Il a ce charme et cette dégaine qui le font ressembler à un garçon plutôt qu’à un homme. Pourtant, « La Fresque » est déjà le huitième album de la carrière d’un artiste béni, l’envers heureux d’un artiste maudit. Il y a de la joie dans les airs et les mots de Vincent Delerm, héritage peut-être de son père, Philippe, auteur entomologiste des bonheurs minuscules, et de sa mère, Martine, dessinatrice des plaisirs invisibles.

« La Fresque » est du Vincent Delerm puissance 1000, ultramélodieux, ultrasensible, baroque parfois, transportant souvent, splendide album sur ce qui nous relie, nous émeut, nous donne le sentiment grisant d’être vivants. On y croise les «  Friends » Ross et Rachel, les amoureux Andie MacDowell et Hugh Grant, Louise Ciccone et Emmanuel Carrère, on y découvre ses affections, ses émotions. « La Fresque » pince le cœur lorsqu’il évoque des disparus, transporte mine de rien. Comme disait Carver, des vitamines du bonheur.

ELLE. - « En fait, on est plusieurs à se faire transpercer le cœur. Plusieurs millions d’âmes sœurs », chantez- vous. Ensemble, c’est mieux ?

Vincent Delerm. - Pendant longtemps, si on m’avait demandé ma préférence entre retrouver des potes et écrire seul à mon piano, j’aurais choisi la solitude. Les années passant, j’ai senti comme une urgence à dire aux gens qui comptent pour moi que je les aime. Ce qui nous fait de l’effet dans la vie, c’est rarement lié à la météo ou à une super chambre d’hôtel, c’est toujours lié aux autres.

ELLE. - D’où cette fresque, collage d’une centaine de visages de votre paysage sentimental, comment les avez-vous choisis ?

V.D. - Je les ai (presque) tous photographiés et je suis toujours en contact avec eux. Des gens que j’aime, tout simplement. Il y a le bassiste de mon groupe au lycée, la dame qui m’a appris à jouer du piano à 16 ans, Bruno Marie-Rose, un sprinteur des années 1990 à qui j’avais demandé un autographe, mon arrière-grand mère, que je n’ai pas connue mais qui est un monument dans la famille. Elle était ouvreuse à La Cigale et lorsque mon grand-père était petit, il venait s’asseoir dans la salle, le jeudi, en attendant qu’elle ait terminé son service. Plus tard, il s’asseyait à la même place, à La Cigale à mes concerts. Ou encore Alain Souchon et des amis de mes parents quand j’étais petit, le passé n’est pas défunt pour moi, il se superpose au présent.

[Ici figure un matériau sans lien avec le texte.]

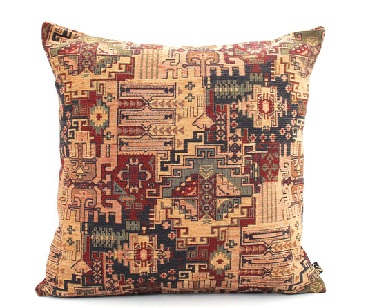 Beige and Brown Woven Turkish Kilim Lumbar Pillow Cover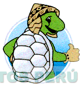 El logotipo conformado por una figura circular y la representación humanizada de una tortuga, llevando un chullo y guantes, en los colores marrón, plomo, blanco, celeste y azul; conforme al modelo adjunto
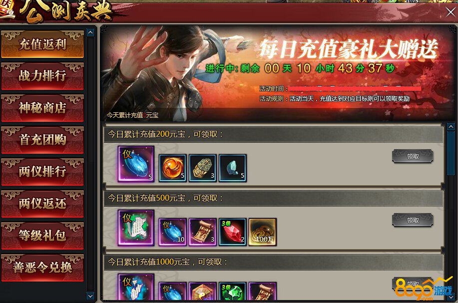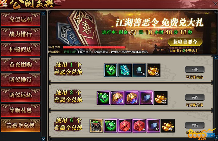 活动规则:每日首冲获得善恶令,收集6个善恶令兑换海量奖励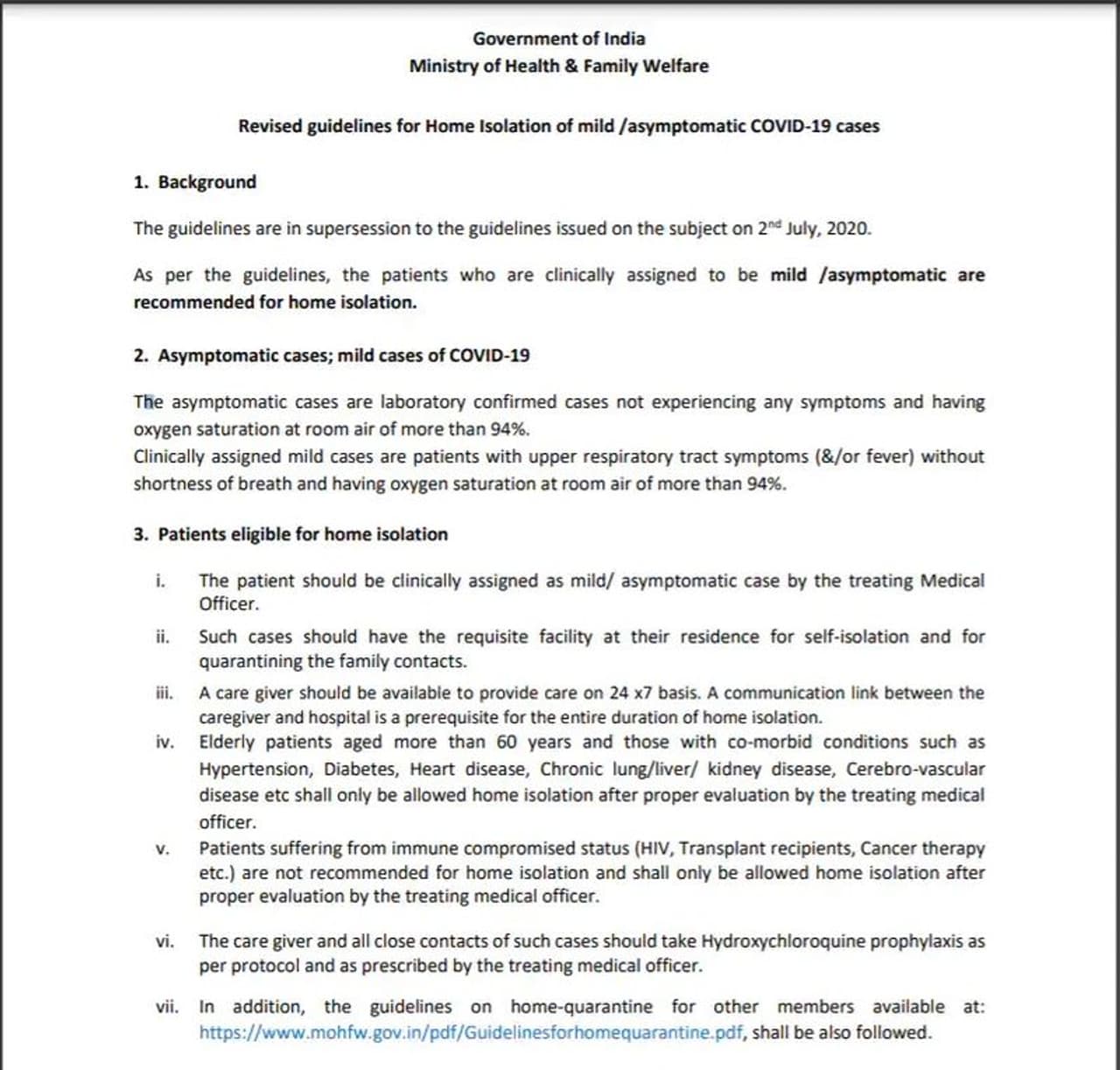 नई गाइड लाइन के मुताबिक घर में कोरोना संक्रमित व्यक्ति की पूरी देखभाल करनी होगी। साथ ही संक्रमित व्यक्ति के परिजनों को लगातार अस्पताल या डॉक्टरों के संपर्क में रहना होगा।

ELLE. - Vous avez aussi écrit une chanson sur la transmission : faut-il faire croire à nos enfants que la vie est un champ de roses ou un champ de ronces ?

V.D. - Je me pose la question, je n’ai pas de réponse. La nuit du Bataclan, je me revois avec ma compagne : qu’allait-on dire à nos fils au petit déjeuner ? De façon plus générale, je ne pense pas qu’il faille se complaire dans les quatre sujets du moment montrés par les chaînes d’info. La mission des gens qui créent, c’est de donner à voir les choses autrement. Par exemple, j’aime beaucoup le regard de gens fantaisistes comme Alex Lutz ou Vincent Dedienne.

À l’échelle d’un concert, je me sens une responsabilité. Donner du jus, de l’énergie, des vitamines aux gens qui ont fait l’effort de venir. J’aime célébrer, mine de rien, je suis vraiment un mec assez positif ! Je n’ai pas d’autres ambitions que de faire des choses qui touchent, de créer une émotion, ou une vibration, qui transmettent le sentiment d’être vivants. Sans pour autant agiter un grand drapeau qui dirait : c’est maintenant, il faut en profiter !

« La fresque », de Vincent Delerm (à La Cigale, du 21 au 25 octobre et du 18 au 22 novembre).